→ **TASK DIRECTIONS**
Exact copies of all the lines below are wanted, without a single picture.

→ **GIVEN INFORMATION**
◇ ◇ ◇ ◇
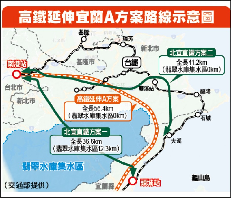 ▼交通部鐵道局評估的北宜高鐵路廊有3條,其中2條經翡翠水庫水源保護區,分別是全長54.1公里的方案B、全長45公里的方案C。方案B有3.8公里會經過翡翠水庫集水區;方案C路線雖最短,卻有11.6公里會經過翡翠水庫;全長56.4公里的方案A,路線雖最長,卻完全沒有經過翡翠水庫集水區。雖然高鐵延伸宜蘭案選擇了繞過翡翠水庫的方案,但為來還是需要做綜合評估和整體的環評。
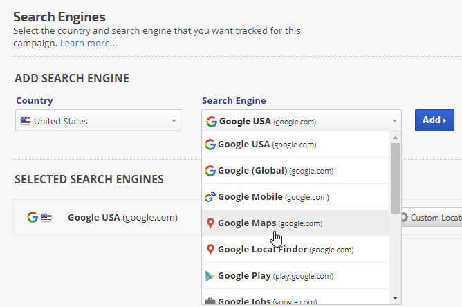 • Custom Location Settings: the search engine country has already been selected, you can target the location further by entering a state, city or postal code in any of these formats:
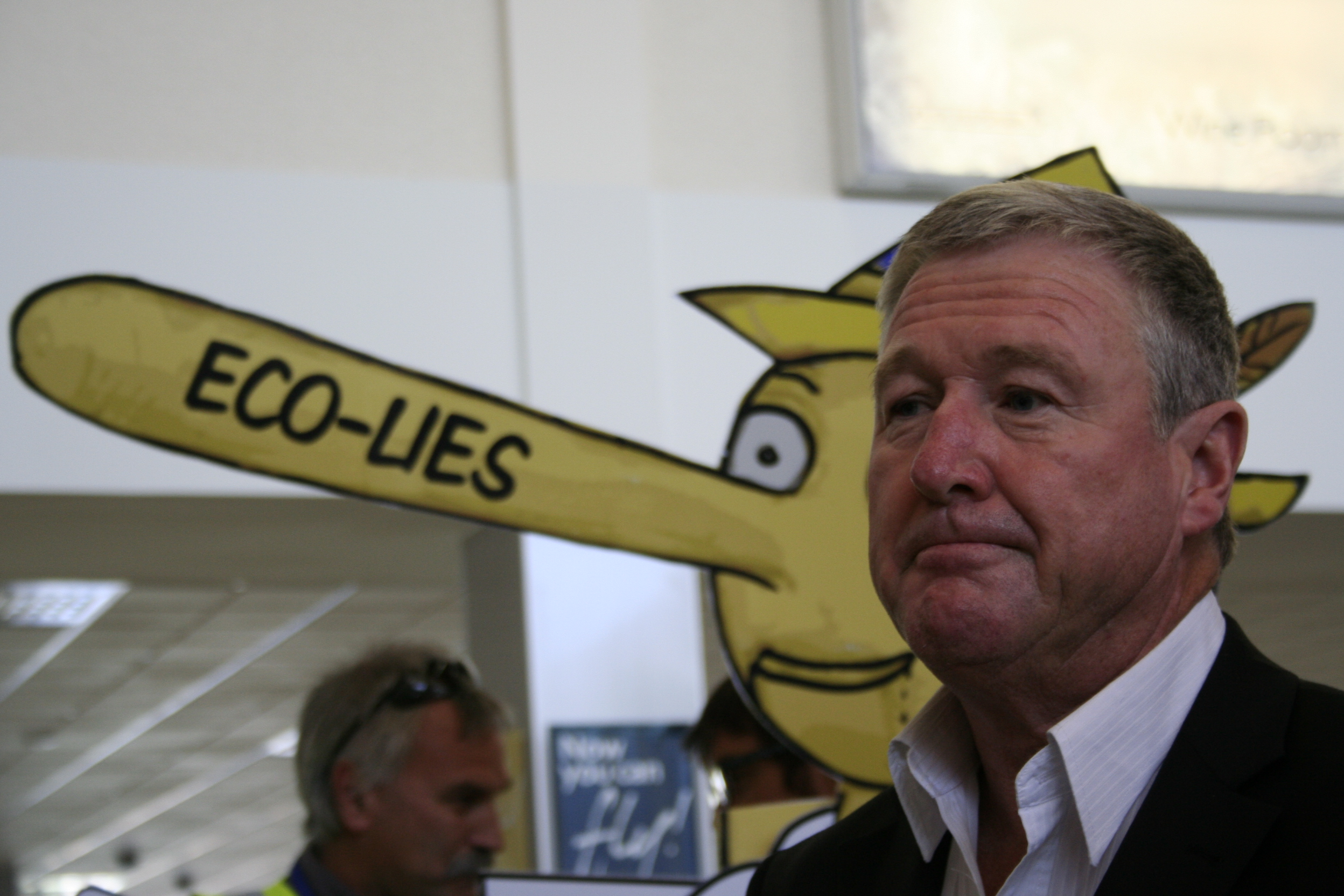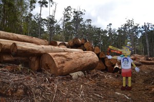 Pinocchio was not fooled by the greenwashing though. In the last few days he as been on a tour of Tasmania, seeing for himself the destruction that is occurring. Pinocchio visited to devastating clearfells and logging operations, where the wood from high conservation value forests is destined for the veneer mills of Ta Ann. Armed with these cold hard facts, Pinocchio stood beside Bryan Green at the Launceston airport and called Ta Ann for what they are: eco-liars.
◇ ◇ ◇ ◇
→ **YOUR RESPONSE**
 ▼交通部鐵道局評估的北宜高鐵路廊有3條,其中2條經翡翠水庫水源保護區,分別是全長54.1公里的方案B、全長45公里的方案C。方案B有3.8公里會經過翡翠水庫集水區;方案C路線雖最短,卻有11.6公里會經過翡翠水庫;全長56.4公里的方案A,路線雖最長,卻完全沒有經過翡翠水庫集水區。雖然高鐵延伸宜蘭案選擇了繞過翡翠水庫的方案,但為來還是需要做綜合評估和整體的環評。
 • Custom Location Settings: the search engine country has already been selected, you can target the location further by entering a state, city or postal code in any of these formats:
 Pinocchio was not fooled by the greenwashing though. In the last few days he as been on a tour of Tasmania, seeing for himself the destruction that is occurring. Pinocchio visited to devastating clearfells and logging operations, where the wood from high conservation value forests is destined for the veneer mills of Ta Ann. Armed with these cold hard facts, Pinocchio stood beside Bryan Green at the Launceston airport and called Ta Ann for what they are: eco-liars.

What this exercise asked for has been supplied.